ASSIGNED TASK> Reproduce the data in full, exactly as given, leaving images out.

INPUT DATA START

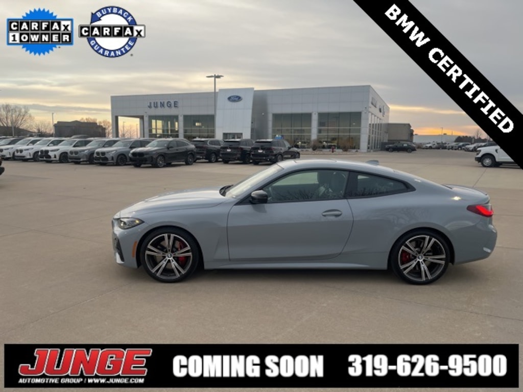 430i xDrive AWD 8-Speed Automatic Sport **ONE OWNER**, **NAVIGATION/GPS**, *SUNROOF/MOONROOF*, **LEATHER**, **HEATED SEATS**, *NEW ARRIVAL*, **LOW MILES**, **LOCAL TRADE**, **CERTIFIED**, **AWD**, **WON'T LAST LONG!**, **ACCIDENT FREE CARFAX**, BMW Certified Pre-Owned Certified, 10 Speakers, 4-Wheel Disc Brakes, ABS brakes, Aerodynamic Kit, Air Conditioning, Alloy wheels, AM/FM Radio, AM/FM radio: SiriusXM, Apple CarPlay & Android Auto Compatibility, Auto High-beam Headlights, Auto-dimming door mirrors, Auto-dimming Rear-View mirror, Automatic temperature control, Black Mirror Caps, BMW Assist eCall, BMW TeleServices, Brake assist, Bumpers: body-color, Comfort Access Keyless Entry, Compass, Connected Package Pro, ConnectedDrive Services, Delay-off headlights, Driver door bin, Driver Lumbar Support, Driver vanity mirror, Dual front impact airbags, Dual front side impact airbags, Electronic Stability Control, Emergency communication system: BMW Assist eCall, Enhanced USB & Bluetooth w/Smartphone Integration, Extended Shadowline Trim, Exterior Parking Camera Rear, Four wheel independent suspension, Front anti-roll bar, Front Bucket Seats, Front Center Armrest, Front dual zone A/C, Front reading lights, Fully automatic headlights, Garage door transmitter, Genuine wood console insert, Genuine wood dashboard insert, harman/kardon Surround Sound System, Heated door mirrors, Heated Front Seats, Heated Steering Wheel, Hi-Fi Sound System, Illuminated entry, Knee airbag, LED Fog Lights, Live Cockpit Pro w/Navi, Low tire pressure warning, M Shadowline Lights, M Sport Brakes w/Red Calipers, M Sport Package, M Sport Package (337), M Sport Package Pro, M Sport Suspension, M Steering Wheel, Memory seat, Navigation, Navigation System, Occupant sensing airbag, Outside temperature display, Overhead airbag, Overhead console, Panic alarm, Passenger door bin, Passenger vanity mirror, Perforated SensaTec Upholstery, Power door mirrors, Power driver seat, Power Front Seats, Power moonroof, Power passenger seat, Power steering, Power windows, Premium Package, Radio data system, Rain sensing wipers, Rear air conditioning, Rear anti-roll bar, Rear reading lights, Rear seat center armrest, Rear Spoiler, Rear window defroster, Remote Engine Start, Remote keyless entry, Security system, SensaTec Dashboard, Shadowline Package, SiriusXM Satellite Radio, Speed control, Speed-sensing steering, Speed-Sensitive Wipers, Split folding rear seat, Sport Seats, Sport steering wheel, Steering wheel mounted audio controls, Tachometer, Telescoping steering wheel, Tilt steering wheel, Traction control, Trip computer, Turn signal indicator mirrors, Variable Sport Steering, Variably intermittent wipers, Wheels: 19" x 8" M Double-Spoke Bicolor, Wireless Charging, Without Lines Designation Outside, 10 Speakers, 4-Wheel Disc Brakes, ABS brakes, Aerodynamic Kit, Air Conditioning, Alloy wheels, AM/FM Radio, AM/FM radio: SiriusXM, Apple CarPlay & Android Auto Compatibility, Auto High-beam Headlights, Auto-dimming door mirrors, Auto-dimming Rear-View mirror, Automatic temperature control, Black Mirror Caps, BMW Assist eCall, BMW TeleServices, Brake assist, Bumpers: body-color, Comfort Access Keyless Entry, Compass, Connected Package Pro, ConnectedDrive Services, Delay-off headlights, Driver door bin, Driver Lumbar Support, Driver vanity mirror, Dual front impact airbags, Dual front side impact airbags, Electronic Stability Control, Emergency communication system: BMW Assist eCall, Enhanced USB & Bluetooth w/Smartphone Integration, Extended Shadowline Trim, Exterior Parking Camera Rear, Four wheel independent suspension, Front anti-roll bar, Front Bucket Seats, Front Center Armrest, Front dual zone A/C, Front reading lights, Fully automatic headlights, Garage door transmitter, Genuine wood console insert, Genuine wood dashboard insert, harman/kardon Surround Sound System, Heated door mirrors, Heated Front Seats, Heated St
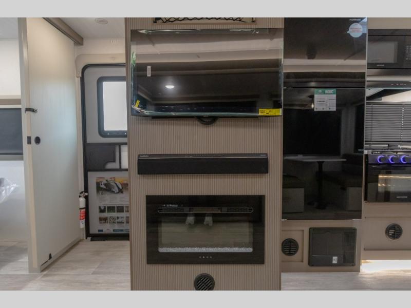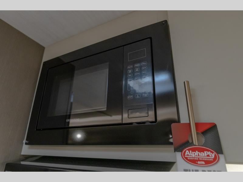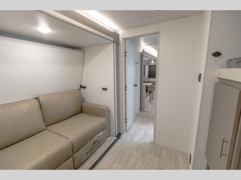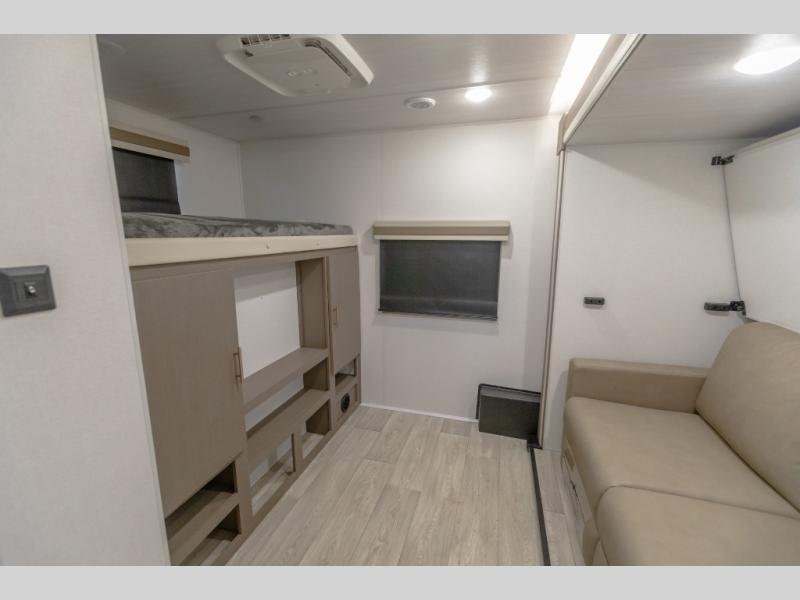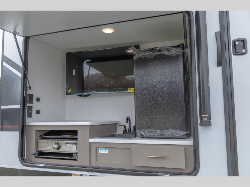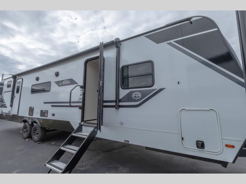 If you're looking for a travel trailer to take tailgating, this Alta model is the one! After you've unloaded the pass-through storage and set up the 21' power awning, start lunch on the outside kitchen! Since there are dual entry doors you can enter in through the main living area, or the full bath for convenience. The little ones are sure to spend most of their time in the rear bunkhouse that includes a flip-up bunk under the sofa, plus a second bunk across the room. The adults can visit at the booth dinette or on the tri-fold sofa, and check out the front private bedroom with sliding doors and a king bed for all-around comfort!
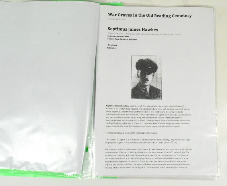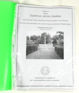 WWI Medal Group - awarded to one Captain Septimus James Hawkes of the Royal Berkshire Regiment, who died 10th July 1918, aged 23. Comprising: 1914-15 Star, War Medal and Victory Medal. All officially impressed CAPT S. HAWKES. With ribbons. Supplied with a folder of research including detailed family history, photograph, and a photograph of the Reading Cemetary memorial upon which he is named.
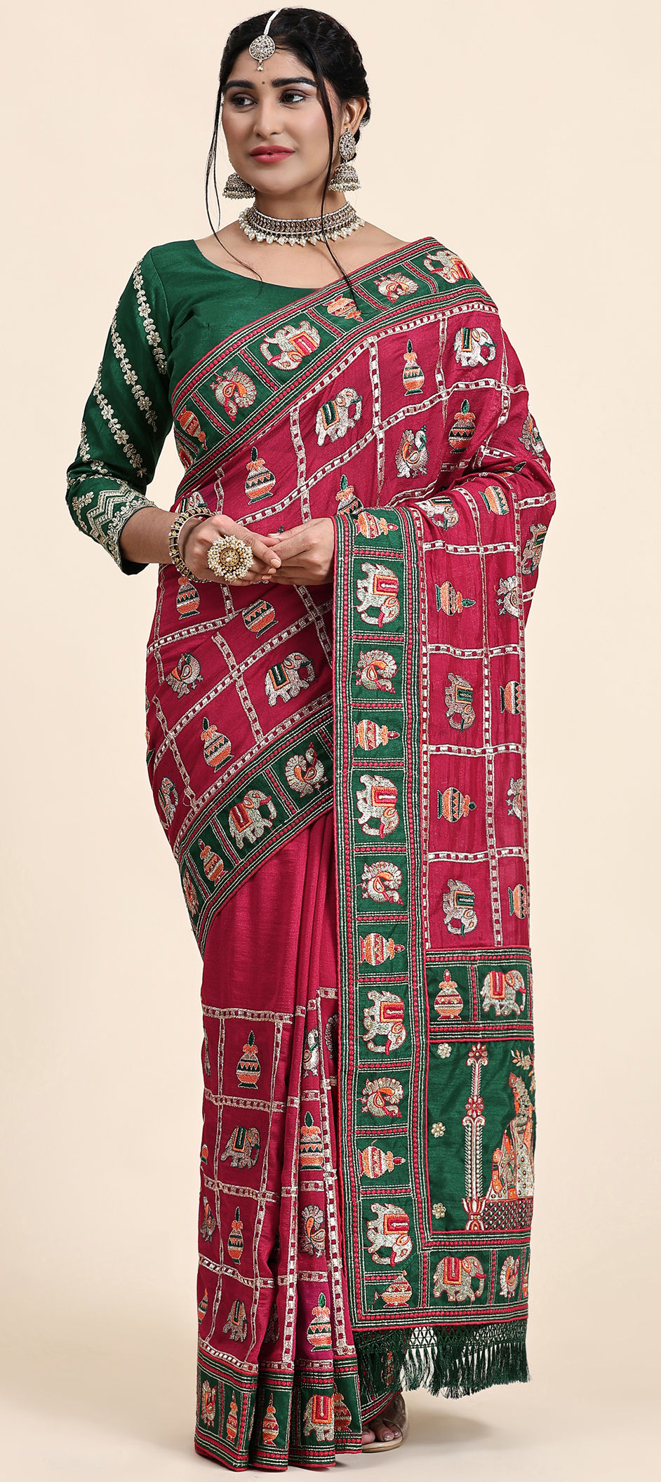 Pink and Majenta color Saree in Art Silk, Silk fabric with Embroidered, Stone, Thread work

INPUT DATA END

RESULT OF THIS EXERCISE>
 430i xDrive AWD 8-Speed Automatic Sport **ONE OWNER**, **NAVIGATION/GPS**, *SUNROOF/MOONROOF*, **LEATHER**, **HEATED SEATS**, *NEW ARRIVAL*, **LOW MILES**, **LOCAL TRADE**, **CERTIFIED**, **AWD**, **WON'T LAST LONG!**, **ACCIDENT FREE CARFAX**, BMW Certified Pre-Owned Certified, 10 Speakers, 4-Wheel Disc Brakes, ABS brakes, Aerodynamic Kit, Air Conditioning, Alloy wheels, AM/FM Radio, AM/FM radio: SiriusXM, Apple CarPlay & Android Auto Compatibility, Auto High-beam Headlights, Auto-dimming door mirrors, Auto-dimming Rear-View mirror, Automatic temperature control, Black Mirror Caps, BMW Assist eCall, BMW TeleServices, Brake assist, Bumpers: body-color, Comfort Access Keyless Entry, Compass, Connected Package Pro, ConnectedDrive Services, Delay-off headlights, Driver door bin, Driver Lumbar Support, Driver vanity mirror, Dual front impact airbags, Dual front side impact airbags, Electronic Stability Control, Emergency communication system: BMW Assist eCall, Enhanced USB & Bluetooth w/Smartphone Integration, Extended Shadowline Trim, Exterior Parking Camera Rear, Four wheel independent suspension, Front anti-roll bar, Front Bucket Seats, Front Center Armrest, Front dual zone A/C, Front reading lights, Fully automatic headlights, Garage door transmitter, Genuine wood console insert, Genuine wood dashboard insert, harman/kardon Surround Sound System, Heated door mirrors, Heated Front Seats, Heated Steering Wheel, Hi-Fi Sound System, Illuminated entry, Knee airbag, LED Fog Lights, Live Cockpit Pro w/Navi, Low tire pressure warning, M Shadowline Lights, M Sport Brakes w/Red Calipers, M Sport Package, M Sport Package (337), M Sport Package Pro, M Sport Suspension, M Steering Wheel, Memory seat, Navigation, Navigation System, Occupant sensing airbag, Outside temperature display, Overhead airbag, Overhead console, Panic alarm, Passenger door bin, Passenger vanity mirror, Perforated SensaTec Upholstery, Power door mirrors, Power driver seat, Power Front Seats, Power moonroof, Power passenger seat, Power steering, Power windows, Premium Package, Radio data system, Rain sensing wipers, Rear air conditioning, Rear anti-roll bar, Rear reading lights, Rear seat center armrest, Rear Spoiler, Rear window defroster, Remote Engine Start, Remote keyless entry, Security system, SensaTec Dashboard, Shadowline Package, SiriusXM Satellite Radio, Speed control, Speed-sensing steering, Speed-Sensitive Wipers, Split folding rear seat, Sport Seats, Sport steering wheel, Steering wheel mounted audio controls, Tachometer, Telescoping steering wheel, Tilt steering wheel, Traction control, Trip computer, Turn signal indicator mirrors, Variable Sport Steering, Variably intermittent wipers, Wheels: 19" x 8" M Double-Spoke Bicolor, Wireless Charging, Without Lines Designation Outside, 10 Speakers, 4-Wheel Disc Brakes, ABS brakes, Aerodynamic Kit, Air Conditioning, Alloy wheels, AM/FM Radio, AM/FM radio: SiriusXM, Apple CarPlay & Android Auto Compatibility, Auto High-beam Headlights, Auto-dimming door mirrors, Auto-dimming Rear-View mirror, Automatic temperature control, Black Mirror Caps, BMW Assist eCall, BMW TeleServices, Brake assist, Bumpers: body-color, Comfort Access Keyless Entry, Compass, Connected Package Pro, ConnectedDrive Services, Delay-off headlights, Driver door bin, Driver Lumbar Support, Driver vanity mirror, Dual front impact airbags, Dual front side impact airbags, Electronic Stability Control, Emergency communication system: BMW Assist eCall, Enhanced USB & Bluetooth w/Smartphone Integration, Extended Shadowline Trim, Exterior Parking Camera Rear, Four wheel independent suspension, Front anti-roll bar, Front Bucket Seats, Front Center Armrest, Front dual zone A/C, Front reading lights, Fully automatic headlights, Garage door transmitter, Genuine wood console insert, Genuine wood dashboard insert, harman/kardon Surround Sound System, Heated door mirrors, Heated Front Seats, Heated St
 If you're looking for a travel trailer to take tailgating, this Alta model is the one! After you've unloaded the pass-through storage and set up the 21' power awning, start lunch on the outside kitchen! Since there are dual entry doors you can enter in through the main living area, or the full bath for convenience. The little ones are sure to spend most of their time in the rear bunkhouse that includes a flip-up bunk under the sofa, plus a second bunk across the room. The adults can visit at the booth dinette or on the tri-fold sofa, and check out the front private bedroom with sliding doors and a king bed for all-around comfort!
 WWI Medal Group - awarded to one Captain Septimus James Hawkes of the Royal Berkshire Regiment, who died 10th July 1918, aged 23. Comprising: 1914-15 Star, War Medal and Victory Medal. All officially impressed CAPT S. HAWKES. With ribbons. Supplied with a folder of research including detailed family history, photograph, and a photograph of the Reading Cemetary memorial upon which he is named.
 Pink and Majenta color Saree in Art Silk, Silk fabric with Embroidered, Stone, Thread work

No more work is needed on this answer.